What is the difference between these three?

Tashfeen Malik, Roof and Dear became radicals through their own reading and research rather than from having obvious organizational links. All three seem to be, in the official parlance, "lone wolves" who "self-radicalized."

One part of terrorism is apparently conceived of in official U.S. discourse on these things as organizational. It is early days in the investigation of Syed Farook and Tashfeen Malik, but while Malik may have made a hasty Facebook declaration of loyalty to Da'ish (ISIS, ISIL) commander Abu Bakr al-Baghdadi during her horrid shooting spree, so far it does not appear that there was any element of command and control in either the case of Roof or of Malik/Farook.
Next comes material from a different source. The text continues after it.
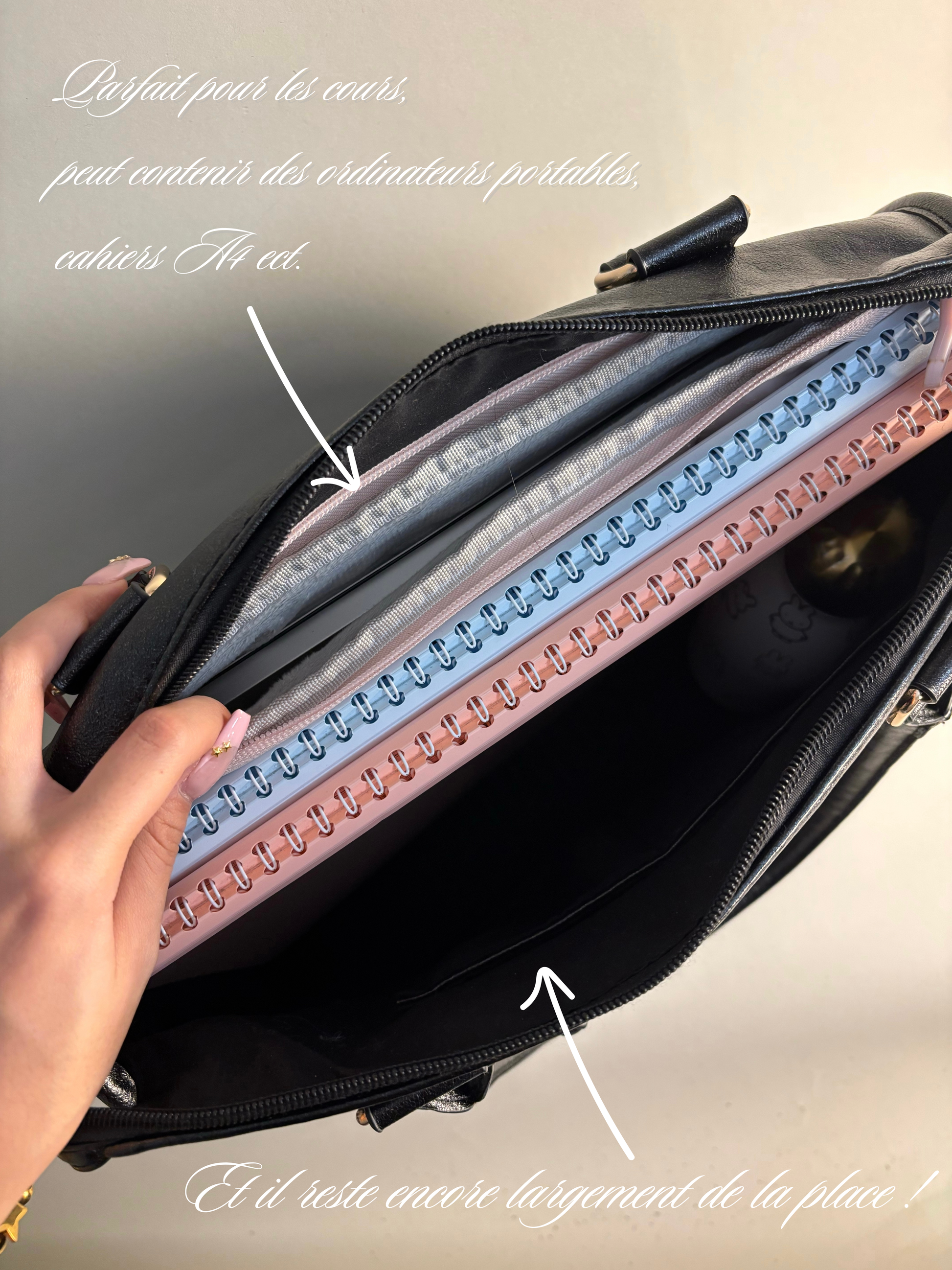- contient en tout 3 poches intérieures, et 2 poches extérieures

Does it matter what the target is? Timothy McVeigh blew up the Federal Building in Oklahoma City to target the federal government, given his white supremacist ideology. Dear targeted Planned Parenthood in an obvious attempt to change public policy. Since Malik and her husband just shot up a meal for employees at a center for taking care of challenged folks, rather than choosing some more significant target with actual political implications, can their action be seen at the moment as primarily terroristic? Back in the 1990s the phrase "going postal" emerged from a rash of incidents of workplace rage and violence (there were 20 instances of such violence between 1986 and 1997, in which employees shot down more than 40 individuals). They look much more like they went postal than that they were trying to bring down the federal government.

Does organization matter? In counter-terrorism, you always seek to disrupt the enemy's command and control abilities. The San Bernardino killers, as things now stand, did not partake of any formal structure within Da'ish that day. …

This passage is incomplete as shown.